De la demi-heure qui a suivi l’attaque contre son imprimerie de Kharkiv, Tatiana Gryniuk ne souvient que de bribes, de «flashs» et de ce que lui ont raconté plus tard ses employés. Elle sait qu’à l’instant où le premier missile a explosé, juste après 10 heures le 23 mai, elle était au premier étage et qu’elle s’est jetée par terre. «Après, je suis restée allongée plusieurs minutes, jusqu’au quatrième et dernier missile. Mais ensuite, c’est flou. Des ouvriers m’ont dit que j’avais couru en bas, là où sont les machines. D’autres que je hurlais dans les couloirs des bureaux de se mettre à l’abri.» Lorsqu’elle est descendue dans la salle de production, elle a vu des flammes, de la fumée et des pompiers qui se frayaient un chemin à travers les gravats. Puis des corps. Les blessés les plus graves qu’elle a aidés à sortir sur des transpalettes. Et les morts, que les autorités lui ont demandé plus tard d’identifier. «Seuls deux étaient reconnaissables.
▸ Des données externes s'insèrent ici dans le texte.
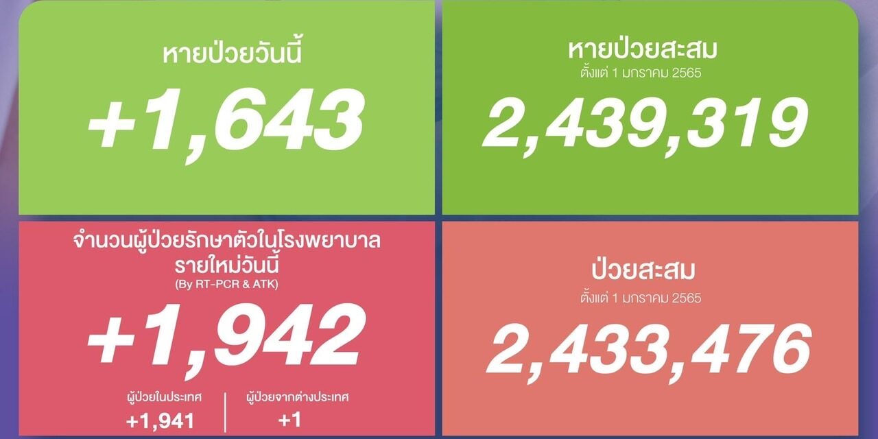 หายป่วยสะสม 2,439,319 ราย (ตั้งแต่ 1 มกราคม 2565)
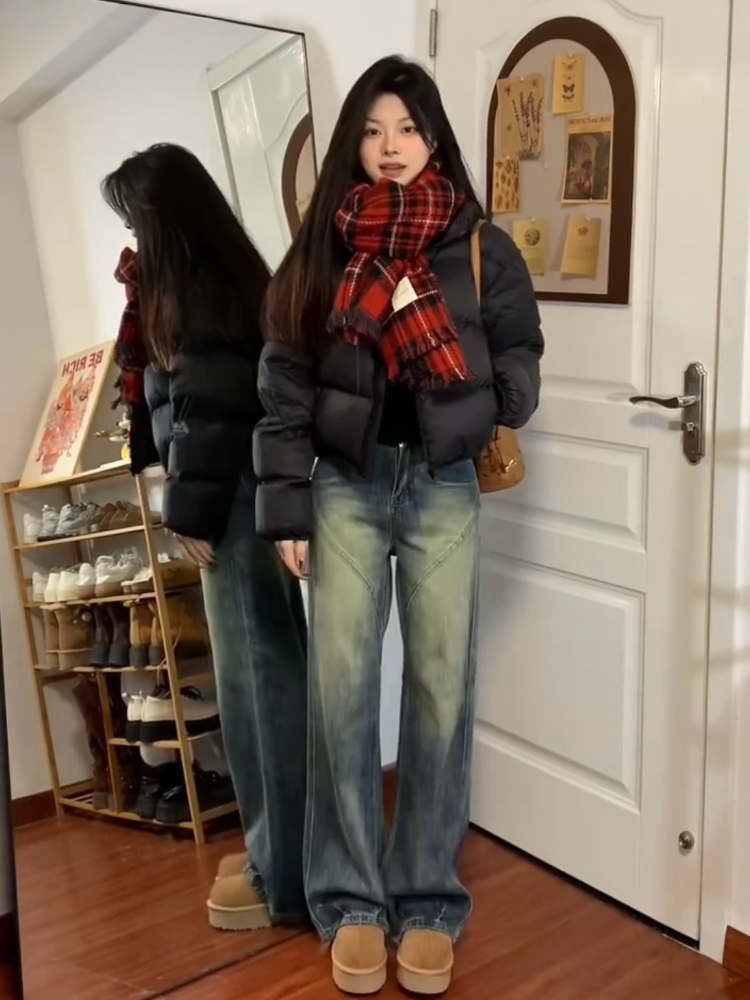 黑灰色直筒牛仔裤女高腰秋冬加绒大码胖mm宽松显瘦梨形身材阔腿裤
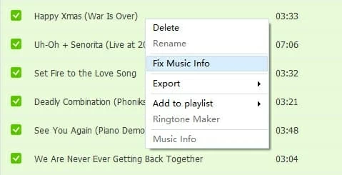 考虑到您可能需要修复音乐 ID3 标签,如名称、艺术家、专辑、年份、流派、曲目编号等,该程序提供了“修复功能”来帮助您解决此问题。只需选择您需要修复的歌曲,右键单击它并选择修复音乐信息弹出菜单中的选项。
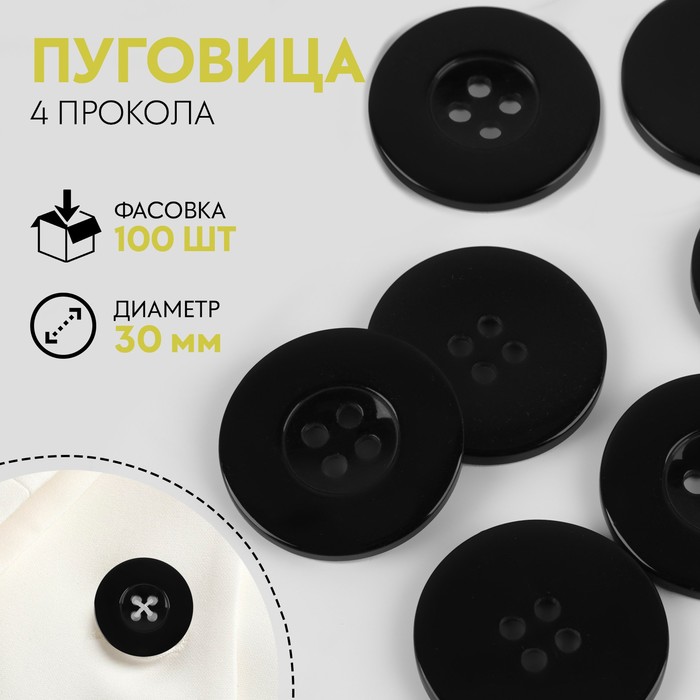 Пуговицы на ножке, d=25 мм, набор 5 шт., глянцевый, чёрный
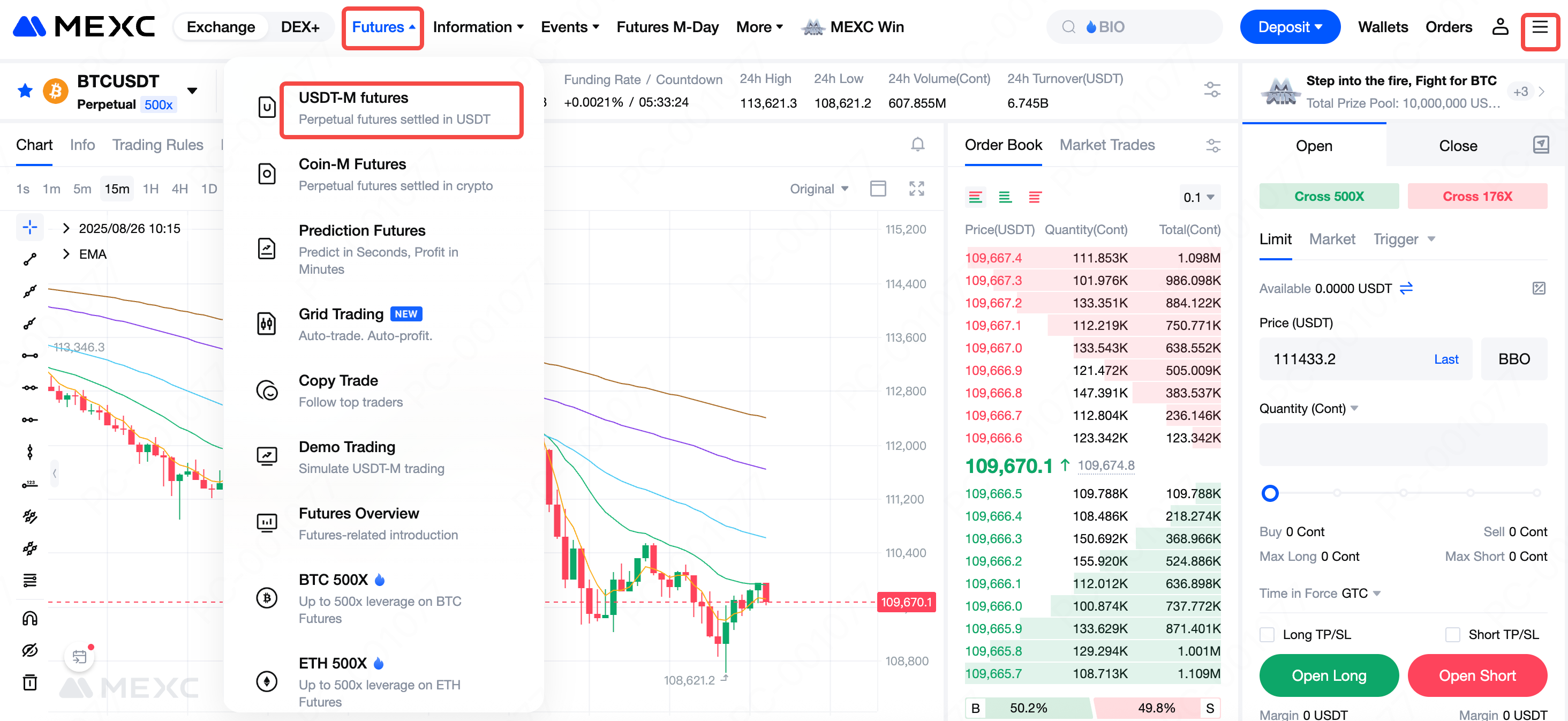Buksan ang opisyal na website ng MEXC at mag-log in sa iyong account. I-click ang Futures → USDT-M Futures upang makapasok sa pahina ng Futures trading. Sa pahina ng trading, i-click ang Mga Setting button sa kanang itaas na bahagi.
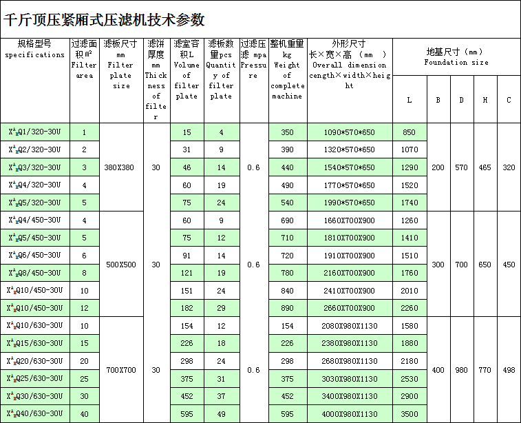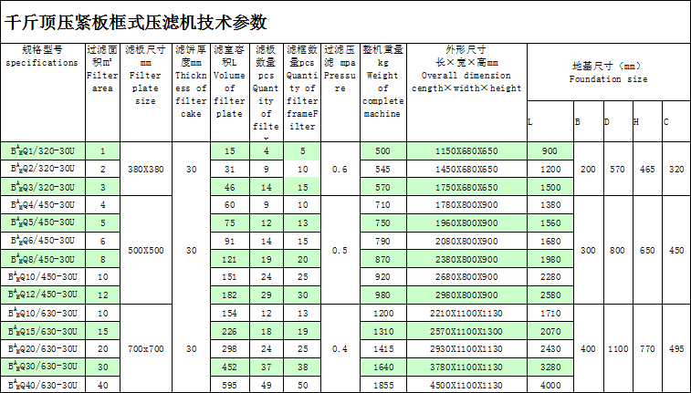 千斤頂壓緊壓濾機(jī)是采用螺旋千斤頂作為壓緊裝置,具有結(jié)構(gòu)簡(jiǎn)單、操作方便、無需電源、經(jīng)濟(jì)實(shí)用的特點(diǎn),一般用于過濾面積1~40m2的壓濾機(jī)。
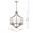 The Joseph chandelier from Laura Ashley was inspired by the draped form of a Moroccan tent. This unusual chandelier has five individual lamp holders, each supporting a clear glass cylinder shade, held on arms that continue upwards to form an open lantern-style framework. It is finished in warm antique brass.
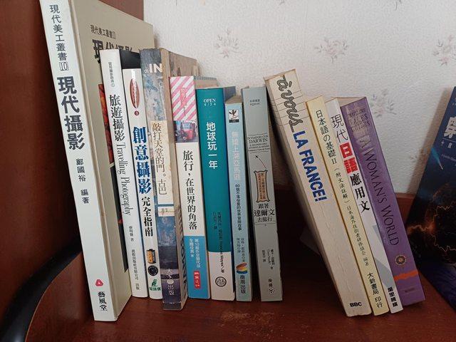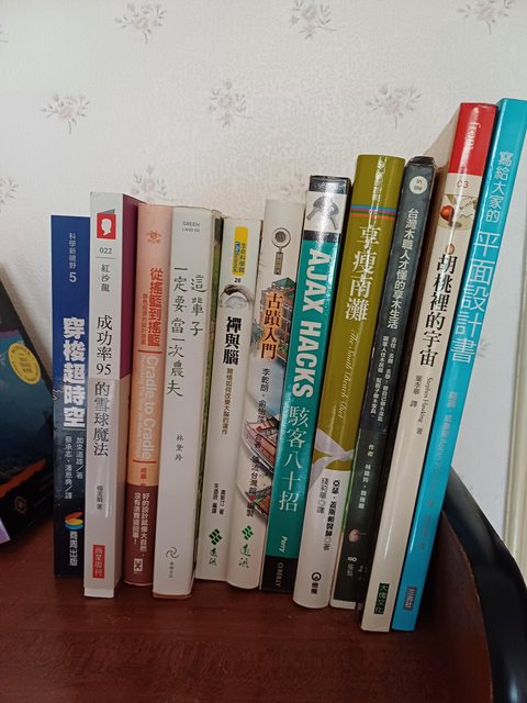 照片中的二手書,任選三本交換一瓶愛之味分解茶
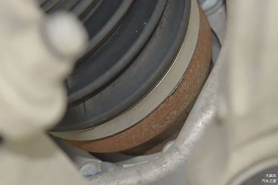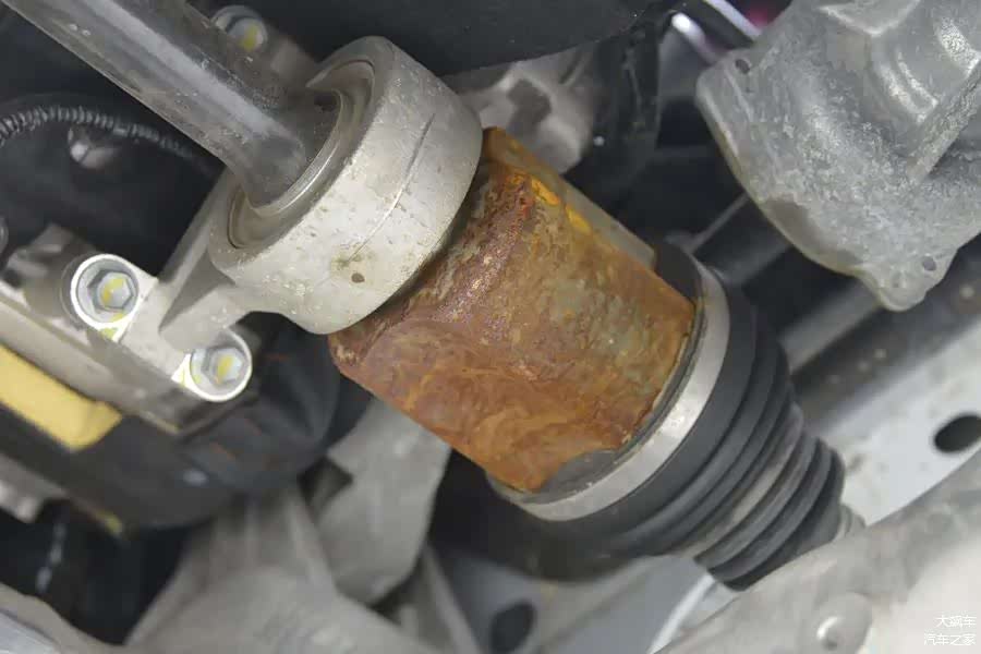 这辆没买多久的准新车,前后半轴球笼罩都出现了明显的生锈情况。
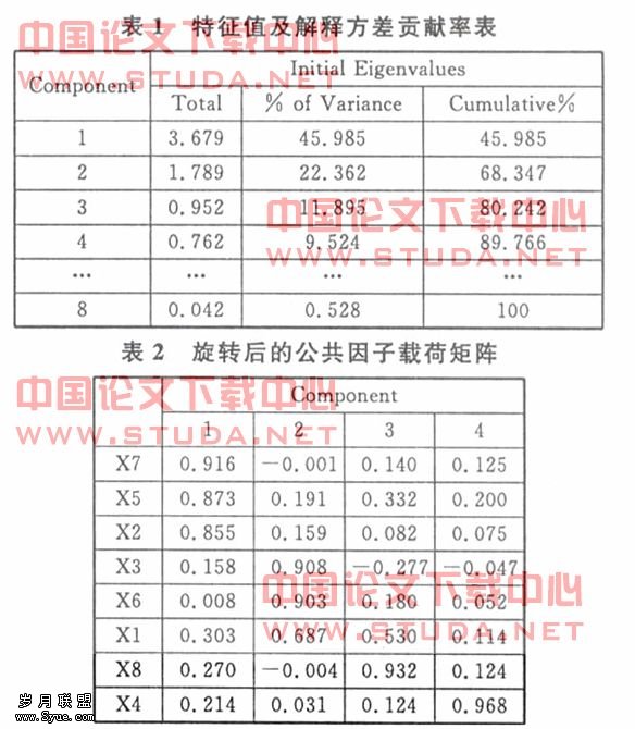 指标相关矩阵的特征值及其贡献率表(见表1)。表中4个公共因子特征值累计贡献率为89.766%大于 85%,也就是说4个公共因子基本上能表达8个指标所包含的信息。
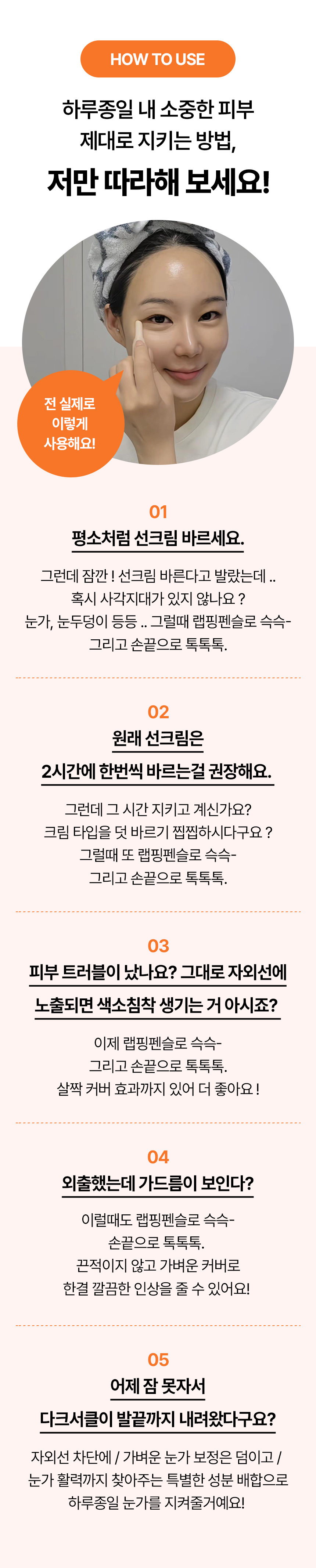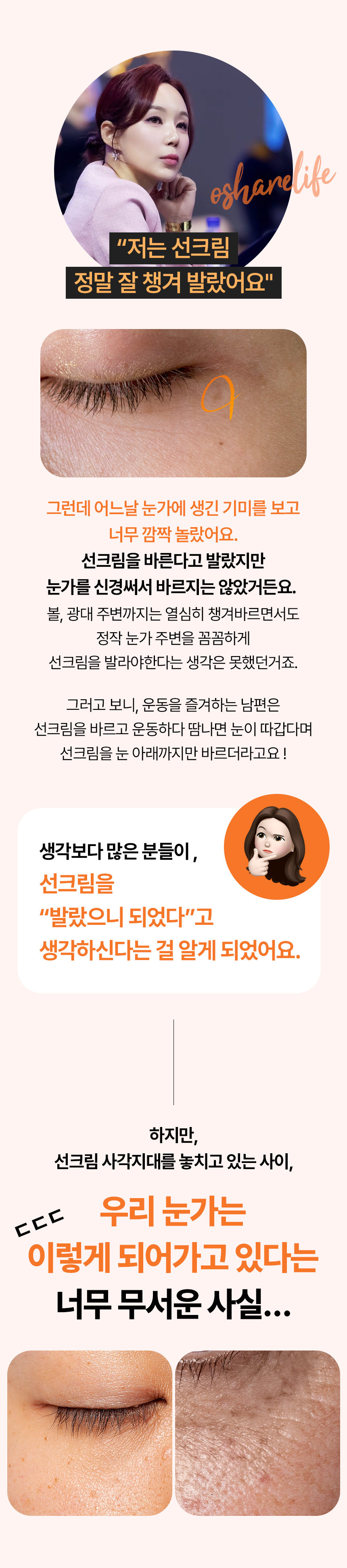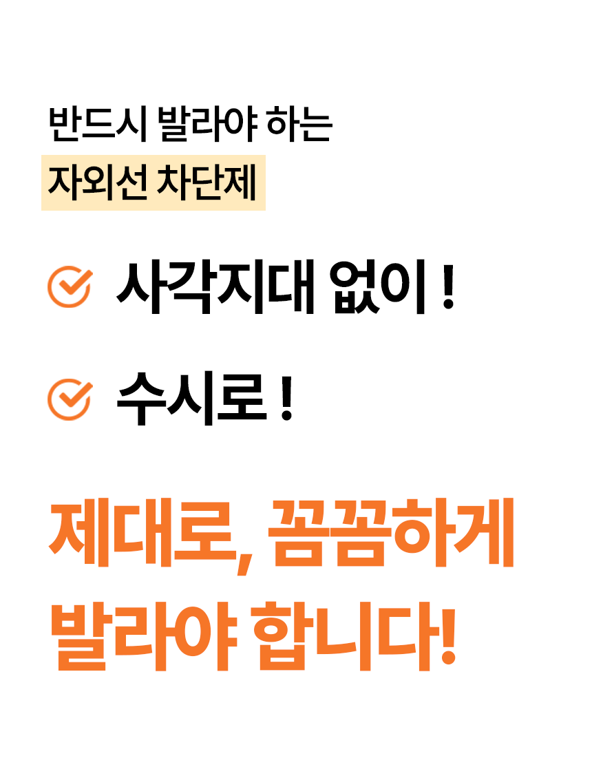 특히 선크림을 바를때 보통 깜빡하게되는 사각부위인 눈가에는 꼭 발라주세요 !

Les cinq autres étaient carbonisés, il n’y avait plus que des bouts de leur corps, le reste était de la cendre.» Les portraits des sept employés, cinq femmes et deux hommes, sont désormais affichés dans le hall de l’imprimerie Factor-Druk, la plus grande d’Ukraine.
Reportage
Tatiana Gryniuk la fait visiter, le pas pressé.